Vereinsarbeit ist komplex geworden?

Horn Das ist so. Es gibt viele Richtlinien und Regularien, an die man sich halten muss: vom DFB, von der Politik, man muss vieles beachten.

Fehlt darum vielen Menschen der Spaß an der Vereinsarbeit? Oder ist einfach weniger Zeit übrig?

Horn Es ist eine Mischung aus beidem. Sicherlich haben viele Menschen weniger Zeit. Doch viele wollen auch gar nicht mehr die soziale Verantwortung übernehmen, die ein Ehrenamt im Sportverein mit sich bringt. Vor 20, 30 Jahren war das sicher noch anders.

Soziale Verantwortung ist auch der von den Sportbünden immer wieder propagierte Faktor, der Vereinssport ausmacht. Kann, soll oder muss ein Verein das leisten?

Horn Ich finde, es gehört definitiv dazu. Ich mache die Vereinsarbeit unter anderem auch, weil ich es gerne sehe, wenn die Kinder bei uns Sport machen und Spaß daran haben.

Als neuer Ehrenamtsbeautragter des Fußballkreises Mönchengladbach/Viersen: Was macht Spaß am Ehrenamt?

Horn Es macht Spaß zu sehen, dass man etwas bewegen kann und gemeinsam etwas zu schaffen, wovon viele Menschen profitieren können.
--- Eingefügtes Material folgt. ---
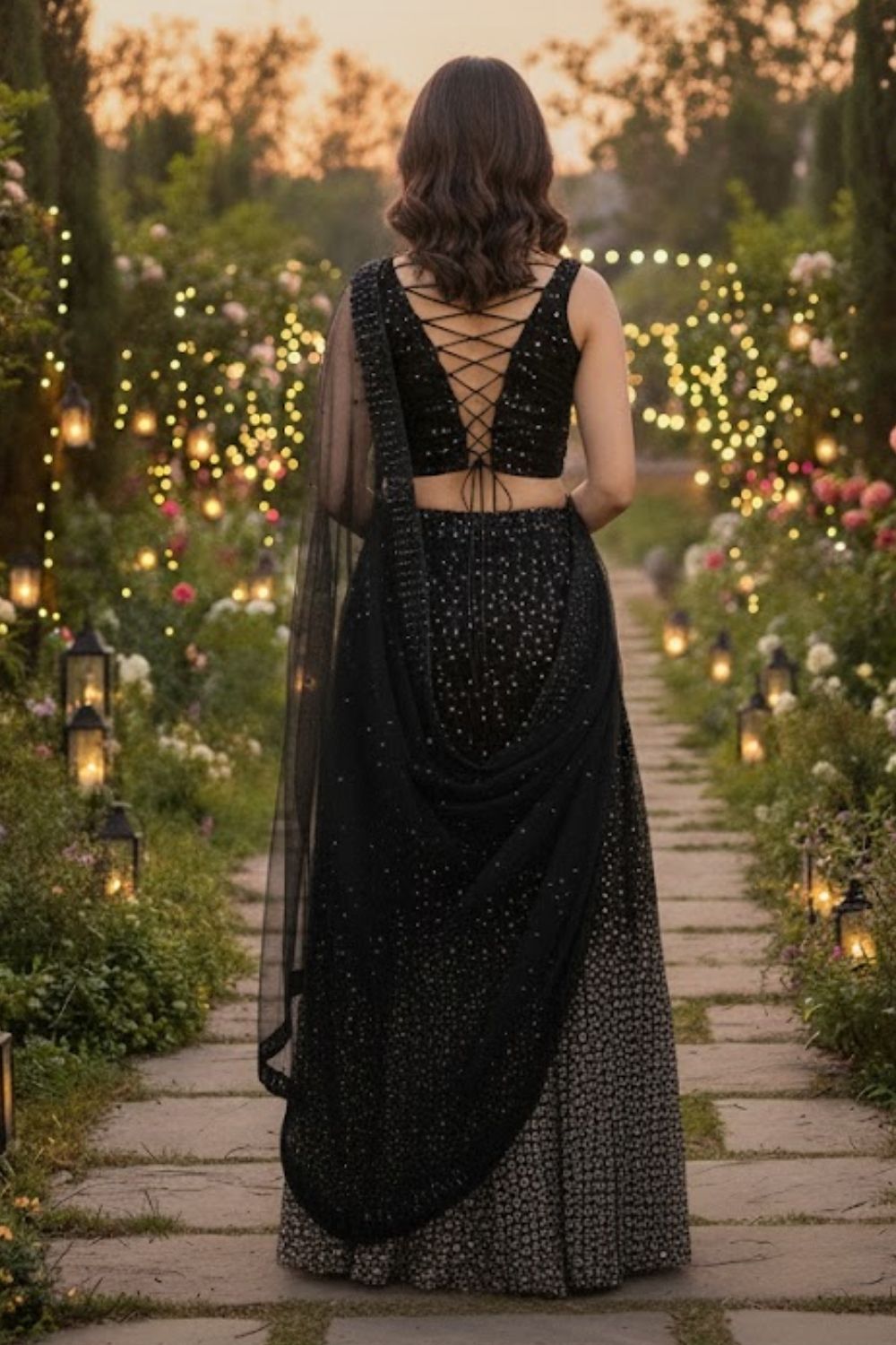 Rent this dark and dramatic black lehenga choli crafted from sheer net material, showcasing intricate black and copper sequin work in a dazzling pattern.
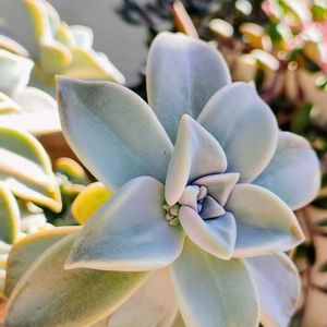 白い粉で覆われた葉を持つ多肉植物。群生して育つ。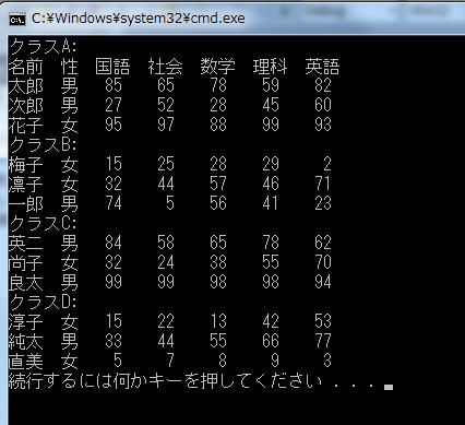 cout<<"クラスD:" <<endl;

Es geht natürlich auch um sportliche Erfolge, aber es ist immer schön, im Nachwuchs etwas aufzubauen.

Was ist Ihr Auftrag als Kreisehrenamtsbeauftragter?

Horn Es geht darum, den Vereinen Hilfe und Unterstützung anzubieten, damit wieder mehr Ehrenamtler in die Vereine reinkommen. Das ist das Ziel der Ehrenamtsinitiative des Deutschen Fußball-Bundes.

Beim SV Wickrathberg hat es geklappt: Vor sechs Jahren gab es drei Vorstandmitglieder, jetzt sind es wieder elf. Und vor allem junge Leute.

Horn Ich denke, unser Beispiel zeigt, dass es möglich ist, Menschen für das Ehrenamt zu gewinnen. Wichtig ist, mit den Leuten zu sprechen. Von allein kommt in der Regel keiner. Wichtig ist auch, zu schauen, welche Möglichkeiten und Fähigkeiten haben Menschen, die dem Verein nahe sind. Auf die muss man dann zugehen. Einen Korb kann man immer bekommen, aber wenn man nicht fragt, wird man auch keine Leute finden. Ich werde in den nächsten Monaten entsprechend viele Gespräche führen und den Vereinen Wege aufzeigen, wie man Ehrenamtler gewinnen kann. Für gute ehrenamtliche Arbeit gibt es auch Preise: Es gibt den Kreisehrenamtssieger und einen Preis speziell für junge Ehrenamtler. Die Vereine können jemanden vorschlagen. Der Gewinner des Preises für junge Ehrenamtler bekommt zum Beispiel ein einwöchiges Trainingscamp in Barcelona. Allerdings bewirbt sich kaum ein Verein. Auch an der Stelle kann ich natürlich die Vereine informieren. Die Preise sind eine schöne Anerkennung für die ehrenamtliche Arbeit.